INFORMATION SHOWN section start

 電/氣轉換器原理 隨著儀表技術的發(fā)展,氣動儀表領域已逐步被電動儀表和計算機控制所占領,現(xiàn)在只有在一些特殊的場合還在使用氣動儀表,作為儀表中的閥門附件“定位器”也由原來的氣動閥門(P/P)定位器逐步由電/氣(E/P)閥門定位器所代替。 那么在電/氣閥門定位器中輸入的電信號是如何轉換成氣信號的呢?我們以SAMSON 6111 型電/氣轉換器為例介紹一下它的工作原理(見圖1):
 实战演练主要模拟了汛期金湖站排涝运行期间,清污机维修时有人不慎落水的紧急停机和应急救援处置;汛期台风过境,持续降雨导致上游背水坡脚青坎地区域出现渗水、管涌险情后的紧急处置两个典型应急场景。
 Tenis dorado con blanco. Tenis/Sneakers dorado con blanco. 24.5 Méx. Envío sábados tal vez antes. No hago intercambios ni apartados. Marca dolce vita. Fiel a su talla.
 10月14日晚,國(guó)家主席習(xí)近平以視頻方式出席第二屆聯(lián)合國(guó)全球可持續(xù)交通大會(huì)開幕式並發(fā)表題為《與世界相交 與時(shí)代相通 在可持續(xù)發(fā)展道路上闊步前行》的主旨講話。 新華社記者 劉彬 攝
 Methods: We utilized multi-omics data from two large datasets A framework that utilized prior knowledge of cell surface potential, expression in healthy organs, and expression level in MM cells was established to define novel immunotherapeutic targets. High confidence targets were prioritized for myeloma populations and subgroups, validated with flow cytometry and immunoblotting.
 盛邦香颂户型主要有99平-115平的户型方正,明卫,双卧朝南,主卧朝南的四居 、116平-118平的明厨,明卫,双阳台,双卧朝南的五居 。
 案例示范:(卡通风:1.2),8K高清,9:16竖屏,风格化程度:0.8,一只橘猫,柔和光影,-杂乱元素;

INFORMATION SHOWN section end

* **TASK INSTRUCTIONS**
Once you have read the listing above, set it down again without alteration.

* **RESULT OF THIS EXERCISE**
 電/氣轉換器原理 隨著儀表技術的發(fā)展,氣動儀表領域已逐步被電動儀表和計算機控制所占領,現(xiàn)在只有在一些特殊的場合還在使用氣動儀表,作為儀表中的閥門附件“定位器”也由原來的氣動閥門(P/P)定位器逐步由電/氣(E/P)閥門定位器所代替。 那么在電/氣閥門定位器中輸入的電信號是如何轉換成氣信號的呢?我們以SAMSON 6111 型電/氣轉換器為例介紹一下它的工作原理(見圖1):
 实战演练主要模拟了汛期金湖站排涝运行期间,清污机维修时有人不慎落水的紧急停机和应急救援处置;汛期台风过境,持续降雨导致上游背水坡脚青坎地区域出现渗水、管涌险情后的紧急处置两个典型应急场景。
 Tenis dorado con blanco. Tenis/Sneakers dorado con blanco. 24.5 Méx. Envío sábados tal vez antes. No hago intercambios ni apartados. Marca dolce vita. Fiel a su talla.
 10月14日晚,國(guó)家主席習(xí)近平以視頻方式出席第二屆聯(lián)合國(guó)全球可持續(xù)交通大會(huì)開幕式並發(fā)表題為《與世界相交 與時(shí)代相通 在可持續(xù)發(fā)展道路上闊步前行》的主旨講話。 新華社記者 劉彬 攝
 Methods: We utilized multi-omics data from two large datasets A framework that utilized prior knowledge of cell surface potential, expression in healthy organs, and expression level in MM cells was established to define novel immunotherapeutic targets. High confidence targets were prioritized for myeloma populations and subgroups, validated with flow cytometry and immunoblotting.
 盛邦香颂户型主要有99平-115平的户型方正,明卫,双卧朝南,主卧朝南的四居 、116平-118平的明厨,明卫,双阳台,双卧朝南的五居 。
 案例示范:(卡通风:1.2),8K高清,9:16竖屏,风格化程度:0.8,一只橘猫,柔和光影,-杂乱元素;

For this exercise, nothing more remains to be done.